Negotiating the shareholders agreement for a growth capital investment
If you are not familiar with some of the terms used in this resource, we recommend taking a look at our Understanding growth capital term sheets resource.
Once a term sheet is agreed and during the course of due diligence, investors will provide a first draft of the proposed shareholders agreement.
Part of the scope for your appointed law firm will be to review the proposed shareholders agreement and ensure that it reflects the terms agreed in the term sheet.
What is the shareholders agreement?
Also known as the subscription agreement or the investment agreement, the shareholders agreement sets out the commercial and legal terms of the round, including how the company and its investors will interact.
Unlike the articles of association, the shareholders agreement is not a constitutional document and therefore does not have to be made public. It may contain information and terms that you consider to be commercially sensitive and prefer to keep confidential.
Parties to the agreement will be:
- The company
- The new investors
- Key members of the management team, which may include key directors, employee-shareholders and the warrantors
- Newly appointed Non Executive Directors, that are joining the Board as part of the transaction.

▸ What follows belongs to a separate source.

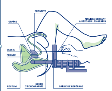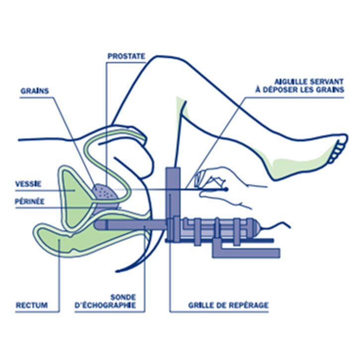 La curiethérapie prostatique est une technique validée de traitement du cancer de la prostate localisé. La technique actuelle repose sur la mise en place dans la prostate des grains radioactifs d’I125 selon un planning préétabli sur une échographie transrectale. Un «template » (grille perforée de forme carrée) est mis en place devant le périnée du patient pour guider les aiguilles qui permettront de mettre en place les grains radioactifs

Terms that are included in the shareholders agreement
- Sums invested
- Classes of share
- Commercial terms attached to classes of share
- Warranties
- Information rights
- Investor consents
- Restrictive covenants
- Option scheme
- Fees
Negotiation of the shareholders agreement
It is typical for several drafts of the shareholders agreement to pass between both sets of lawyers before the final draft is agreed. We recommend staying close to this process so that you are aware of any points of a commercial nature and can provide your position. The term sheet is used as a guide, but remember that it is not legally binding and therefore it is possible to propose changes.

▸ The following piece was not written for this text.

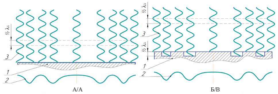 Рис. 2. Схемы формирования УЗ-излучения с помощью изгибно-колеблющихся ультразвуковых дисковых излучателей: А) излучатель с плоской фронтальной поверхностью (плоский); Б) излучатель с фазовыравнивающими кольцевыми выступами (ступенчатый); 1 – излучатель; 2 – распределение амплитуд колебаний; 3 – колебания, излучаемые в газовую среду; λG – длина волны в газовой среде

In negotiating any equity investment, it is important not to lose sight of the fact that you are entering into a long term partnership with the new investor, and not selling the business, for example. As a result, alignment is important and protracted negotiation on minor points may be damaging and could impact the likelihood of completion or a successful partnership.
Points to be aware of
Here are a number of key points that are often discussed specifically during negotiation of the shareholders agreement:
Warranties and warranty liability caps
The company and certain members of the management team will be required to provide warranties. The list of warranties is included within the Shareholders Agreement. It may be that additional warranties are added by the investor through the course of due diligence – particularly if any concerns are raised. It is important to understand what each of the warranties means and if there are any that you are not prepared to give, then ask your lawyer to propose a caveat, carve out, or to disclose certain information against those specific warranties in the disclosure letter.
Warranty liability caps set out the maximum amount of money the company or individual is liable to pay in the event that the investor makes a claim under the warranties.

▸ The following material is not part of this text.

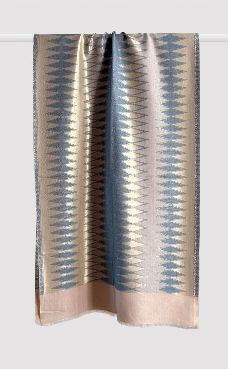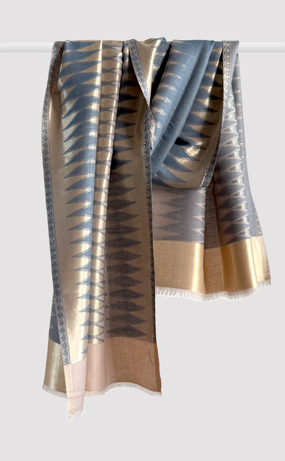 Regular price Rs. 6,000.00Luxurious fine wool stole in a festive slate blue color and zari diamond design. The all over woven zari gives a seamless & elegant festive look. The perfect accessory for the festive winter season that will elevate all your outfits

Where this cap is set depends on the investor and each individual warrantor, but they are often a subject of discussion as certain members of management may feel uncomfortable about their liability.
There are a few guiding principles that investors use when proposing liability caps:
- The cap should be sufficiently high to encourage the individual to consider the warranties carefully and make the appropriate disclosures
- It should take into account the shareholding that the individual holds and if they are receiving any cash out as part of the transaction. If they hold no, or a very small proportion of the equity and they are not selling any of their shares as part of the transaction, then their liability cap may be lower, or even nil.
- The company’s liability cap is ordinarily linked to the total size of the investment.
Investor consents
The shareholders agreement will set out any investor consent items, i.e. actions or matters for which investor consent must be sought.
This is necessary for minority investors who do not hold a controlling equity stake and therefore cannot exert this influence through their shareholding alone.
They require the ability to veto certain decisions in case they are excluded from them.
It is important to note that consent items are often those of key strategic importance to the company and its growth. The list is not intended to be an indication of the items that the investor wishes to veto, but instead the decisions that the investor would not want to be excluded from. They may be used as a guide as to decisions that should be discussed at board meetings.
The consents will likely include certain thresholds that should be set accordingly for your business.
Completion of the shareholders agreement
Once all terms are agreed, the shareholders agreement is signed by the relevant parties and dated on completion of the transaction, and from then on becomes legally binding on the parties to it.
Why do some companies have two shareholders agreements?
It is common practice in the US, and occasionally in the UK, for companies that undergo multiple successive funding rounds to have two agreements: a shareholders agreement and a subscription agreement.
The two documents essentially split the shareholders agreement in two – the shareholders agreement acts as an umbrella agreement while each subscription agreement governs a particular round.
This is designed to avoid the need to negotiate and draft an entirely new shareholders agreement each time a fundraise is undertaken.
The shareholders agreement contains the investor rights, such as information rights, warranties, investor consents and restrictive covenants.
The subscription agreement contains only the specific terms and mechanics of that particular round.
This approach can work well provided that the umbrella shareholders agreement is sufficiently sophisticated such that investors in subsequent rounds are happy to agree to their terms without significant amendments.